Diperkirakan 60.000 migran memasuki Ceuta hanya dalam beberapa hari dari negara tetangga Maroko, kata Kepala Pemerintahan Regional wilayah tersebut, Juan Jesús Vivas, kepada wartawan. Namun pada Sabtu, Menteri Dalam Negeri Spanyol mengatakan nyaris semuanya telah pergi.
"Situasinya nyaris sepenuhnya berbalik," kata Fernando Grande-Marlaska kepada wartawan, sebagaimana dilansir TRT.
Di bawah pengawasan tentara dan polisi Spanyol pada Sabtu pagi, para migran muda nan tersisa terus menyeberang kembali ke Maroko, seperti nan dilihat oleh wartawan AFP. Siapa pun nan terlalu lama berada di jalur pantai segera diusir kembali oleh tentara.
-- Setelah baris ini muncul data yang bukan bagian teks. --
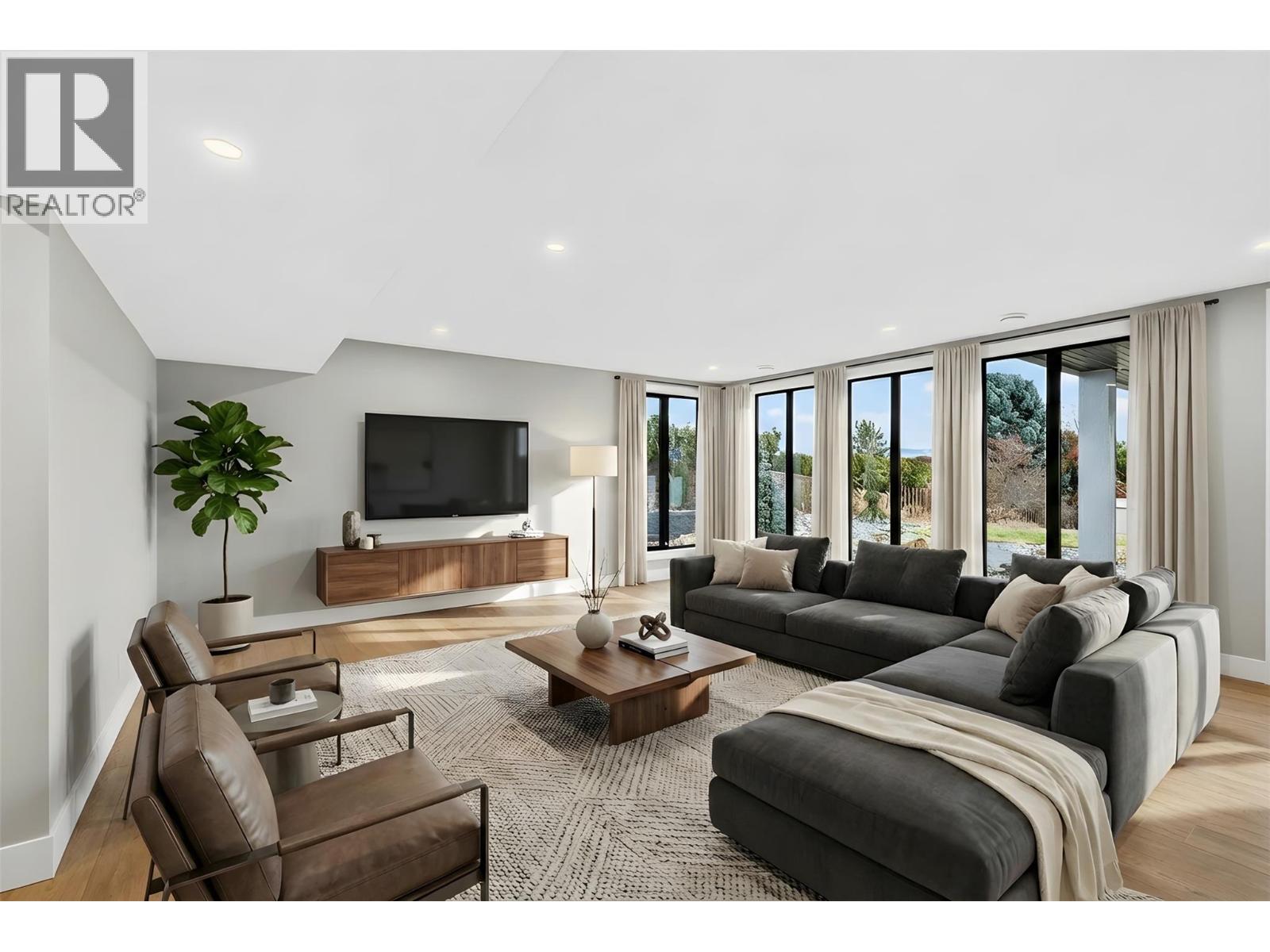 Perched to capture sweeping Okanagan Lake views, this exceptional luxury residence blends grand scale entertaining with thoughtfully designed everyday living complete with a private one bedroom suite. Arrive to a two car garage with storage/tool alcove and a dedicated utility area with high-efficiency furnace and systems. The main level impresses with vaulted ceilings, a gas fireplace, and an airy open-concept flow to the chef-inspired kitchen. Host with ease thanks to a beverage room and walk-in pantry, while a large dining area and expansive picture windows frame the lake like artwork. Versatility shines with a private nanny suite off the front entry complete with bed/sitting room and private bathroom, plus a separate two-piece powder room for guests. Upstairs offers a spacious bonus room, laundry, and two generous bedrooms with walk-in closets connected by a Jack-and-Jill bath. The primary suite is a true retreat with an oversized walk-in closet and spa-inspired five-piece ensuite. Downstairs, enjoy a large family/games area with wet bar, plus an additional bedroom and bathroom ideal for teens or guests. With 0.3 acres fully landscaped, it leaves nearly 0.2 acres ready for your dream pool, sports court, hobby vineyard, outdoor entertaining area and more. The self-contained 1-bedroom suite includes its own laundry and private outdoor sitting area. Ample driveway parking for owners and guests, plus separate side parking for the suite. (id:58842)

Untuk menyeberang ke Ceuta, banyak nan berenang melewati penghalang perbatasan mini nan menjorok ke Laut Mediterania. Setidaknya 67 orang tewas dalam upaya tersebut, kata Grande-Marlaska sembari memberikan nomor terbaru pada Sabtu.
Masuknya migran secara tiba-tiba telah memicu kepanikan politik di Eropa. Dua puluh dua negara Uni Eropa mengeluarkan surat terbuka berbareng pada Sabtu nan menyerukan pertemuan video para menteri dalam negeri blok tersebut "sebagai masalah mendesak" untuk menyepakati respons terkoordinasi nan cepat, dan untuk "mencegah penyeberangan tak terkendali lebih lanjut".
Prancis telah memperketat pemeriksaan di perbatasannya dengan Spanyol dan mengatakan bakal meningkatkan kehadiran polisi di sana lima kali lipat menjadi 334 petugas dan gendarme pada Sabtu.